In accordance with the techniques of this disclosure, interpolation decoder module 24 analyzes information associated with at least one video frame and dynamically adjusts the frame interpolation based on the analysis. Interpolation decoder module 24 may, for example, analyze content of one or more video frames, regularity of a motion field between two or more video frames, a coding complexity associated with one or more video frames, or a combination thereof. In one example, interpolation decoder module 24 may analyze information associated with one or more reference frames (e.g., F1, F3 or both) that are used to interpolate a video frame. Alternatively, or additionally, interpolation decoder module 24 may analyze information associated with a frame-to-be-interpolated, such as a skipped video frame. Interpolation decoder module 24 may also analyze information for a plurality of frames received over a period of time, e.g., frames received over a one-second interval. The information associated with the one or more video frames may be encoded within the video frames received from encoder 12. Alternatively, interpolation decoder module 24 may generate at least a portion of the information associated with the video frames.

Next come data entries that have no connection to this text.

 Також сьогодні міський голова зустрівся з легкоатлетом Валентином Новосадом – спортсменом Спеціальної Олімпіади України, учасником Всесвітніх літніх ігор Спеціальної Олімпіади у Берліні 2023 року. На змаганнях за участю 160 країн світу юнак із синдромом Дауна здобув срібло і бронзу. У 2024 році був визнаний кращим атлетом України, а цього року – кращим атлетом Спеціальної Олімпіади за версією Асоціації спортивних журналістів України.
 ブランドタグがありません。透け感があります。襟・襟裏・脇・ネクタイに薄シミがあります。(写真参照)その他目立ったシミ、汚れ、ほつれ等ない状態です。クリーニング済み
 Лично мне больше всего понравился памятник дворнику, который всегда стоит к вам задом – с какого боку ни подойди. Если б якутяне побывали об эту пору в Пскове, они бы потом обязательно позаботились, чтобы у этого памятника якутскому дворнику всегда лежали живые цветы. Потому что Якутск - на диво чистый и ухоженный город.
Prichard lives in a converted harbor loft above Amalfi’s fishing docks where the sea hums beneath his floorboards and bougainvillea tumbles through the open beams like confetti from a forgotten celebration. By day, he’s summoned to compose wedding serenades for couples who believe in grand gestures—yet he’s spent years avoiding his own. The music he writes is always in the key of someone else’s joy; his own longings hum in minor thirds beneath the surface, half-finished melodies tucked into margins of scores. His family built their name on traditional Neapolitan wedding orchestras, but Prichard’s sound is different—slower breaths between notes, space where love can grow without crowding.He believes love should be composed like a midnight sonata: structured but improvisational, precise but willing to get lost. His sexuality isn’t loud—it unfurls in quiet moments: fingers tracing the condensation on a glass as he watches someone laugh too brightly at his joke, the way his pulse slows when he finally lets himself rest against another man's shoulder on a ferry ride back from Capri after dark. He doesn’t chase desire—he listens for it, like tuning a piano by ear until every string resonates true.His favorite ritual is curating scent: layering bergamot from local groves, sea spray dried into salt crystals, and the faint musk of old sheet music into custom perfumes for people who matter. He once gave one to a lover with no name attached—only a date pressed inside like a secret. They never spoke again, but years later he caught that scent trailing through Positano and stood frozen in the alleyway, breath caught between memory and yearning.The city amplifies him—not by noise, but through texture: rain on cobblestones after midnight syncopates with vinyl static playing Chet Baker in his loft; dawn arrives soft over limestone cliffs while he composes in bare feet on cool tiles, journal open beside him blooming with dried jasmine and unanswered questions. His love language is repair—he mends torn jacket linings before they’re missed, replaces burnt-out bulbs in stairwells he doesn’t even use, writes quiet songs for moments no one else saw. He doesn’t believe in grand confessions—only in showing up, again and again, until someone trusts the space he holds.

Interpolation decoder module 24 dynamically adjusts a frame interpolation operation based on the analysis of the information associated with the one or more video frames. Interpolation decoder module 24 may adjust the frame interpolation operation in number of different manners. As an example, interpolation decoder module 24 may select whether to enable or disable motion compensated frame interpolation. When motion compensated frame interpolation is disabled, interpolation decoder module 24 may additionally select a different frame interpolation operation, such as a frame repeat or a frame average operation. As another example, interpolation decoder module 24 may select a video frame prediction mode to be used for frame interpolation based on the analysis. In a further example, interpolation decoder module 24 may assign different threshold values for frame interpolation based on the analysis.

The foregoing techniques may be implemented individually, or two or more of such techniques, or all of such techniques, may be implemented together in interpolation decoder module 24. A number of other elements may also be included encoding and decoding system 10, but are not specifically illustrated in FIG. 1 for simplicity and ease of illustration. The architecture illustrated in FIG. 1 is merely exemplary, as the techniques described herein may be implemented with a variety of other architectures. Moreover, the features illustrated in FIG. 1 may be realized by any suitable combination of hardware, software components, or a combination thereof. Although described in the context of interpolating skipped video frames, the techniques of this disclosure may be utilized to interpolate a video frame encoded at a reduced quality to generate a higher quality video frame.

FIG. 2 is a block diagram illustrating an exemplary interpolation decoder module 24 for use in a video decoder, such as video decoder 14 of FIG. 1. Interpolation decoder module 24 includes an interpolation module 32, an interpolation control module 34, a frame information table (FIT) module 36 and a frame information generation module 37 (labeled “FRAME INFO GEN MODULE” in FIG. 2) that operate together to produce an interpolated frame. As described above, interpolation decoder module 24 analyzes information associated with at least one video frame and dynamically adjusts a frame interpolation operation based on the analysis of the information in accordance with one or more of the techniques described in this disclosure.

Interpolation module 32 interpolates a video frame based on one more reference frames. For example, interpolation module 32 may interpolate the video frame based on frame information associated with a previous reference frame, a subsequent reference frame, both a previous and subsequent reference frame, or more than two reference frames. Interpolation module 32 may interpolate frames using any of a number of interpolation techniques, such as a frame repeat operation, a frame averaging operation, a motion compensated frame interpolation operation, or a combination thereof. The motion compensated frame interpolation operation may involve any of a variety of interpolation techniques such as bilinear interpolation, bicubic interpolation, nearest neighbor interpolation, or other techniques. As described above, interpolation module 32 may be configured to interpolate frames in a block-based mode. In other words, interpolation module 32 may divide the frames into a plurality of blocks of pixels and interpolate each of the blocks of pixels separately based on information associated with corresponding blocks of pixels in the one or more reference frames. The pixels in the blocks are represented in the pixel domain while the blocks may be represented in a transform domain.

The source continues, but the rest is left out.